目的や立場によって何を学ぶべきかが違ってきます。大企業か、中小企業か、スタートアップか。学問としての経営学を学びたいのか、実務に役に立つ経営の知識を知りたいのかによっても異なってきます。

「経営学」というのは、大企業の経営を念頭に発達してきた学問なので、たとえば中小企業の経営を学ぶ場合はそれ向けの書籍を選んだ方がいいと思います。最近の著作では浜口隆則さんの『守りの経営』かんき出版、は中小企業の経営者に読んでほしい書籍です。

スタートアップ(ベンチャー)企業の場合も、成長期固有の経営課題に直面するので大企業向けの「経営学」の前に、それ向けの書籍を読むべきでしょう。長谷川博和先生の『マネジメント・テキスト ベンチャー・マネジメント[事業創造]入門』日本経済新聞社、などがおすすめです。

学術研究ということであれば、それ向けの「経営学」のテキストがあります(質問されている方はそうでないと思いますが、大学院生であれば入山章栄さんの『世界標準の経営理論』ダイヤモンド社を読んでいることだと思います)。

もし、大企業の経営に携わるといことであれば、どのような職種であるかによって自ずと重点的に理解すべき分野が定まるはずです。マクロからミクロへというのがおすすめで、「経営戦略」「経営組織」「組織行動」と進むのがいいでしょう。網羅的に知りたいか本質を知りたいかによって読むべき書籍も違ってきます。

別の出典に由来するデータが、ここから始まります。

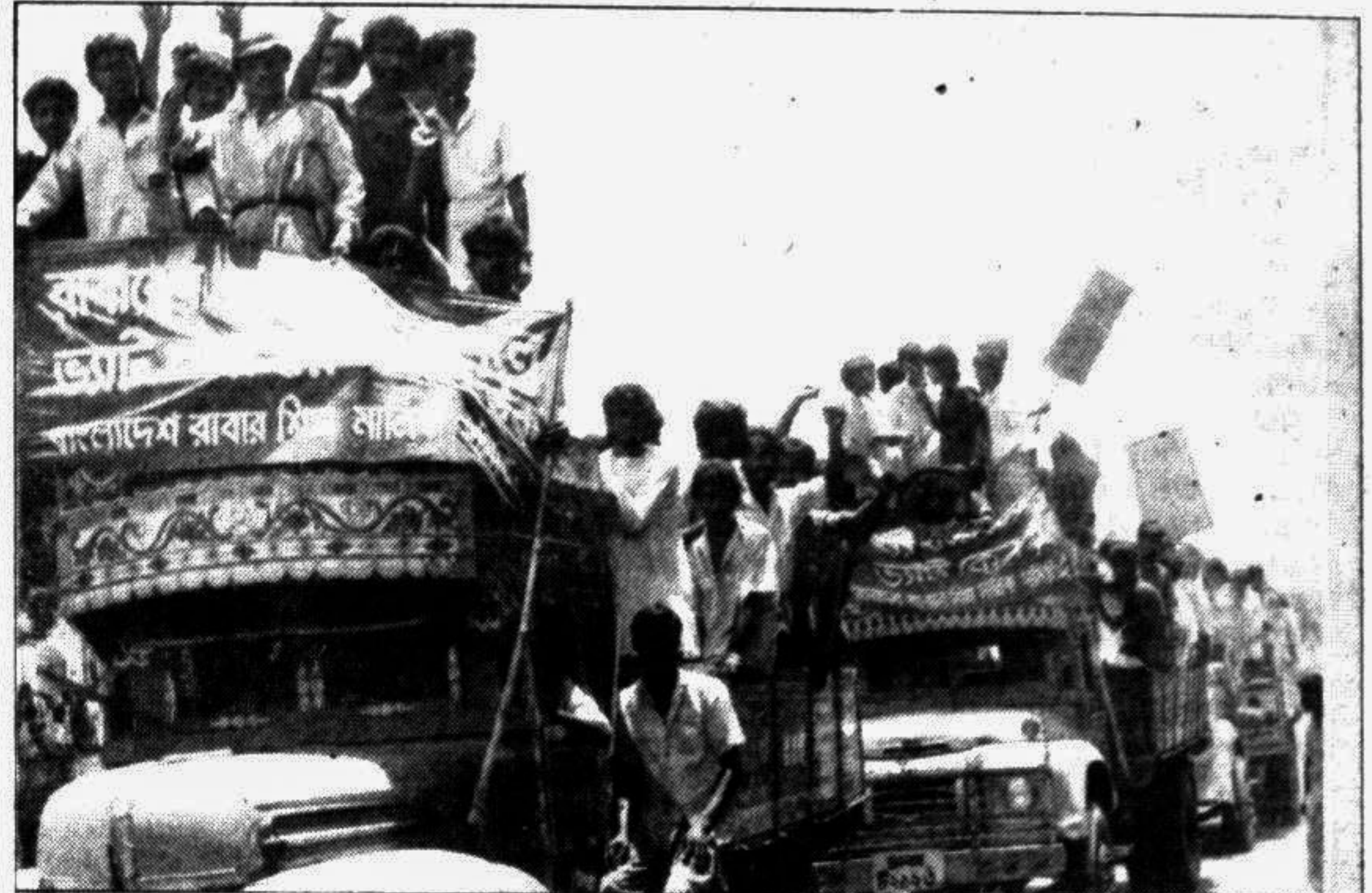
Bangladesh Rubber Industries Owners' Association brought out a truck procession in the city Thursday demanding withdrawal of VAT imposed on rubber industries.

経営学は経済学のように標準化が進んでいないので、10人の経営学者がいれば10の理論があるともいわれます。そのような状況で偏りなく学びたい場合は、藤田誠先生の『ベーシックプラス 経営学』中央経済社がおすすめです(経営学の全体を見渡すのに適した良書)。事例とともに学びたい場合は、加護野忠男・吉村典久『1からの経営学』碩学舎が適切だと思います。